Well it’s been awhile since I’ve written anything for the blog – during the past four months I went on a trip to Asia, celebrated Thanksgiving and Christmas with both my family and my girlfriend’s family and then in January I got engaged! I’ve also been working on some continuing educational goals – so needless to say I’ve been keeping busy. And I will continue to be very busy over the next few months of wedding planning so I probably won’t be writing too much.
This post is just another interesting case study from a customer I’m working with right now. We were looking at various queues in the I/O stream and wondering how we might be able to tweak them. I was mainly investigating the host HBA’s – but in the process of digging into this I also learned about few other queues and Linux internals in general as it relates to Oracle.
Direct Async I/O
Direct I/O means to avoid unnecessarily copying bits from one memory location to another between the hardware and the SGA. Every flavor of Unix implements some form of caching for block devices and filesystems; in Linux the buffer cache (for block devices) or page cache (for filesystem data) can cache database blocks. Most applications benefit from this caching – however Oracle does not. There are two primary reasons this caching is bad for Oracle:
Oracle caches this data itself in the SGA and it does a far better job of predicting what blocks will be best retained in memory. When the OS caches data you essentially end up with two copies of every data block – one that’s really unused. You waste half the memory in your server with almost no performance benefit.
The data has to be copied extra times before arriving in the SGA – and these extra “copy” operations slow down your read operations.
Asynchronous I/O means to multitask your read and write operations. Remember how in MSDOS you could only run one program at a time? Believe it or not, this is how most Unix filesystems do I/O by default – one thing at a time.
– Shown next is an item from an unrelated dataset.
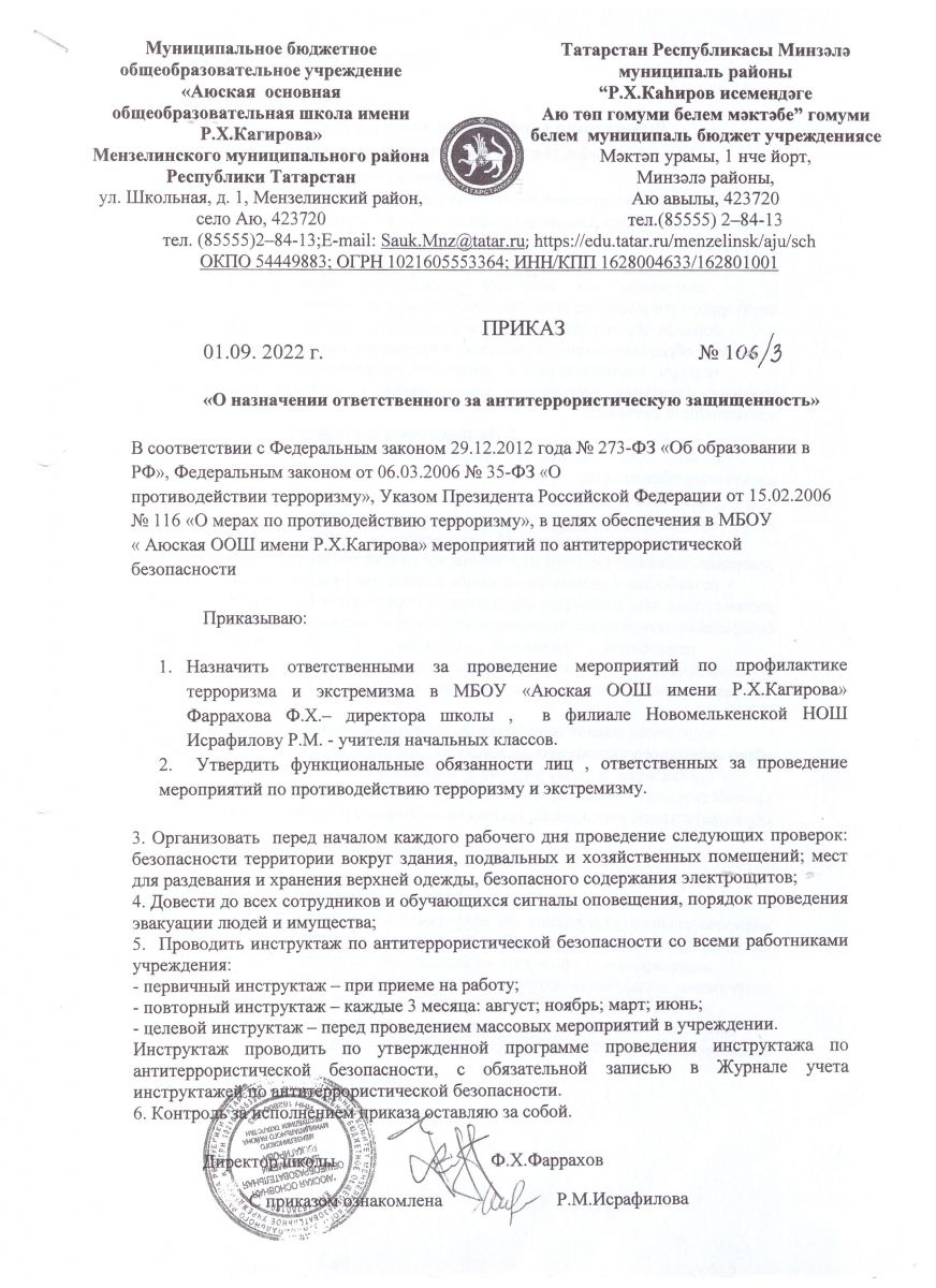 ПРИКАЗ Об усилении мер безопасности ОО 2024-2025гг.

Using Asynchronous is equivalent to upgrading to an Operating System that allows you to run more than one program at a time. It allows Oracle to issue multiple read and write operations concurrently – this is obviously more efficient.
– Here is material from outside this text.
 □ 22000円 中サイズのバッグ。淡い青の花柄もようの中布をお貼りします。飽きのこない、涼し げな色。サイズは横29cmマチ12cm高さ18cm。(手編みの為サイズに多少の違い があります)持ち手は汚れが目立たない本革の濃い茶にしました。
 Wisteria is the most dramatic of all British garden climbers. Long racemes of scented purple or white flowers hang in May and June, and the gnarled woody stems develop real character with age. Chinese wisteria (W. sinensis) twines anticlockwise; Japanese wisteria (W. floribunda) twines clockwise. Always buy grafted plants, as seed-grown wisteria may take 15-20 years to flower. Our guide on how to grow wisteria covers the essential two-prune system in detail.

There are different ways of implementing Direct I/O and Asynchronous I/O in different environments (CIO, QIO, ODM, etc) – but it’s always best to enable them and then shift memory from the OS caches to the SGA.
The Linux I/O Path
I should start out by saying that I’m not a kernel expert. After some digging through source code and mailing lists I think that I’ve got a handle on the main concepts here – but I’m open to correction since this is complicated stuff and I easily could miss some details of how it’s all implemented! Let me know if you have anything to add!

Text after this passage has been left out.